Am 15.08.2018 um 22:37 schrieb adrian15:
> Steve McIntyre said on the 2015 MiniDebconfCambridge that derivatives
> could gather from Debian asking Microsoft to sign/authorize Debian's
> shim for Secure Boot.
> 
> Something like, If you take grub and kernel packages from Debian your
> Debian derivative will support Secure Boot.
> 
> Here it is:
> https://mirror.netcologne.de/debian-video/2015/mini-debconf-cambridge/webm/uefi_and_debian_next_steps.webm
>  ( 39:05 )
> 
> 
> I have recently watched the Debconf18 talk about UEFI and I remember
> something like these packages being affected:
> 
> shim, fwupd, grub2, kernel, "kernel modules", systemd-boot(?)
> 
> BTW, I haved added "kernel modules" because Ben Hutchings mentioned.
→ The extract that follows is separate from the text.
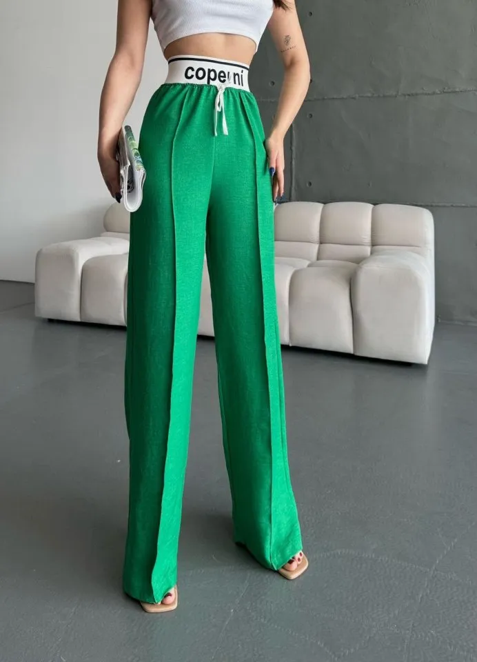 بنطال كاجوال بقصة واسعة بخصر مطاطي وجيب مزدوج

I
> guess that 'kernel' in that slide meant: Most every binary package built
> from kernel source package.
> 
> 
> And here it is:
> https://mirror.netcologne.de/debian-video/2018/DebConf18/2018-07-31/report-from-the-debian-efi-team-about-th.webm
> (25:09)
> 
> 
> So I just want to be sure if an statement like:
> 
> "If you recycle original shim, fwupd, grub, kernel and "kernel modules",
> systemd-boot(?) signed packages from official Debian your derivative
> will support Secure Boot"
> 
> is still true nowadays.

You have to take the complete chain from Debian, that is "shim" + "grub"
+ "linux-kenrel" (and its modules). That chain is signed.
What comes after that you're free to change, starting with the content
of the Initial RAM disk, init system, services, ...

At least that is the plan, which still looks true.